Actuellement en campagne électorale, le président de la République, Emmanuel Macron, dans sa liste de propositions promet, s’il est élu pour un second quinquennat, de supprimer la redevance audiovisuelle. Si cette annonce a suscité de nombreuses réactions, elle était pourtant attendue car, dans sa forme actuelle, la redevance est adossée à la taxe d’habitation qui devrait prendre fin en 2023.
Le principe de cette contribution n’a pas changé depuis sa création en 1933. La redevance, à l’époque, était payée par tous les détenteurs de postes de radio. Après-guerre, la télévision rentrait dans le dispositif et ,de 1982 à 1986, les magnétoscopes y étaient assujettis. De nos jours, 28 millions de Français payent 138 € par an en métropole et 88 € hors métropole. Cette contribution à l’Audiovisuel Public (CAP) rapporte 3.2 milliards d’euros nets à l’État, ce qui n’est tout de même pas suffisant pour financer France Télévisions, Radio France, France Média Monde et l’Institut national de l’audiovisuel (INA).

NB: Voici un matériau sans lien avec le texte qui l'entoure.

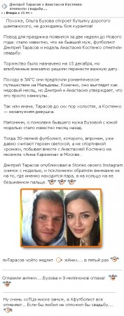 15 декабря 2017 года бывший муж телеведущей Ольги Бузовой Дмитрий Тарасов внезапно изменил свои намерения и отказался от помолвки с Анастасией Костенко.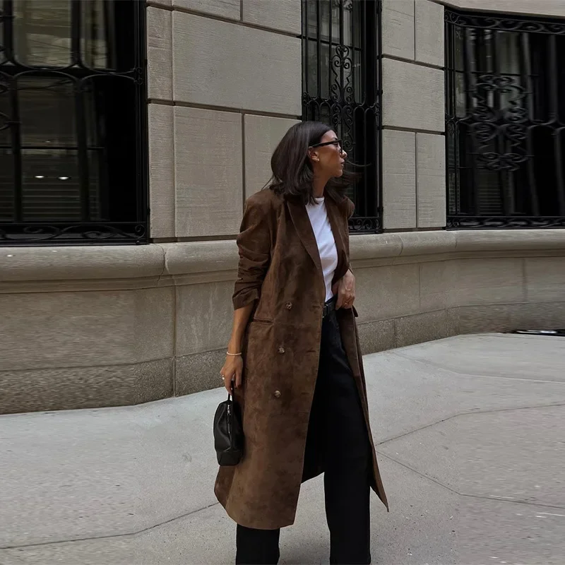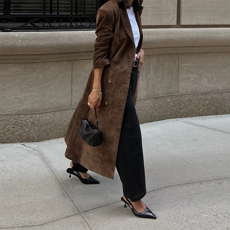Casual Solid Long Women Streetwear Long Sleeve Turn-down Collar Double Breasted Female Coat 2025 Autumn Fashion Lady Jacket New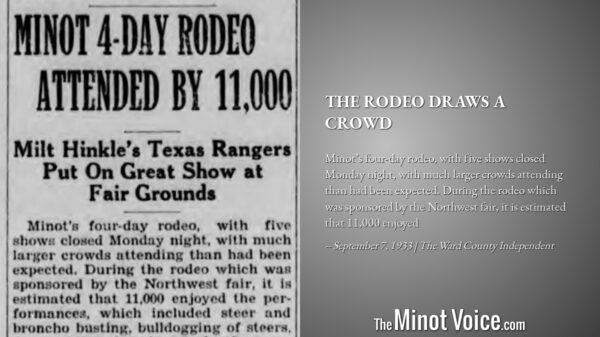 Minot’s four-day rodeo, with five shows closed Monday night, with much larger crowds attending than had been expected. During the rodeo which was sponsored by the Northwest fair, it is estimated that 11,000 enjoyed [...]Read More... from On This Day | The[...]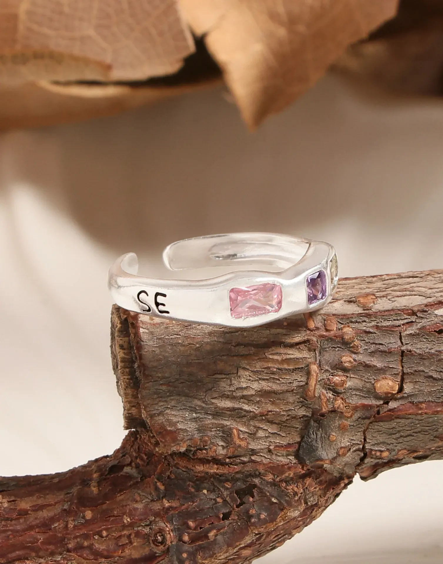 • Patterns & Textures: The sterling silver band boasts a smooth, yet subtly textured finish, celebrating the raw, imperfect beauty found in nature’s elements. On one side, subtle engraved markings add a unique, personalized touch, further enhancing the ring’s artisanal character.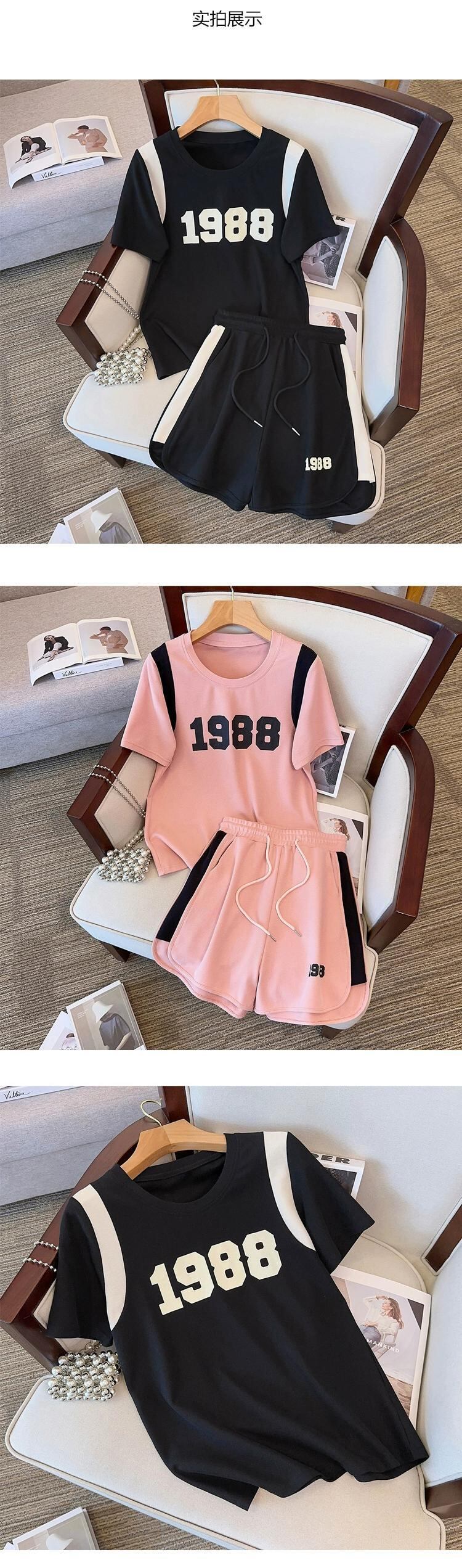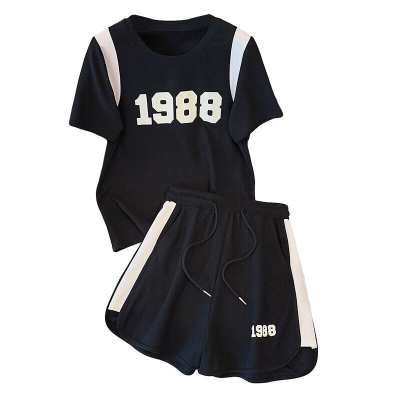 プラスサイズの婦人服 2023 流行の夏の新しいファットシスターカジュアルオールマッチスーツレタープリント Tシャツショーツ 2 点セット 大きめサイズ サマー 夏物 ブルマー 8884173047269962

Se pose la question de l’indépendance du secteur public. Avec la généralisation de la consommation audiovisuelle par l’intermédiaire d’autres types d’écrans, smartphones, tablettes ou ordinateurs, la question d’un éventuel élargissement de la CAP à tous les foyers se pose depuis plusieurs années. Alors que supprimer la redevance est présenté comme un moyen de renforcer le pouvoir d’achat des Français, autre sujet de la campagne électorale du moment, un nouvel impôt serait-il judicieux ? Ou bien l’augmentation d’un autre prélèvement ? Peut-être le rétablissement du modèle publicitaire d’avant 2009 qui avait vu depuis la publicité bannie en soirée sur les chaînes publiques ? Il me semble que l’importance du choix de subvention met à l’abri de tout soupçon sur la liberté et l’indépendance du service public dans un monde où la défiance et la désinformation sont légions. La crainte que l’on peut avoir, c’est que cette suppression de la redevance ne soit pas entièrement compensée par de nouvelles sources de financement.
Quant au modèle allemand ou anglais, l’audiovisuel public reste un élément important de la dépense publique, notamment la BBC en Grande Bretagne à laquelle les Anglais restent fortement attachés. Et pourtant, le modèle ultra-libéral anglo-saxon pourrait donner à penser qu’une privatisation radicale serait à l’ordre du jour, Boris Johnson y a bien songé lors de son arrivée au pouvoir mais a très vite fait marche arrière.
Patrick Balkany, alors député des Hauts-de-Seine, avait déjà lancé l’idée en 2015 d’une privatisation en déposant trois propositions de loi à l’Assemblée Nationale contre les médias. Comme Marine Le Pen ou Eric Zemmour le proposent dans leur programme électoral, il souhaitait donc privatiser l’audiovisuel public et rajoutait vouloir couper les subventions à la presse écrite et supprimer les niches fiscales des journalistes. Patrick Balkany défendait l’idée que cette presse manquait d’objectivité et de partialité et semblait oublier qu’elle coûtait cher aux Français. Une situation ironique venant de la part d’un homme qui fut condamné quelque temps après pour fraude fiscale et blanchiment aggravé. L’audiovisuel public reste bien un contre-pouvoir, ce qui peut déranger certains finalement.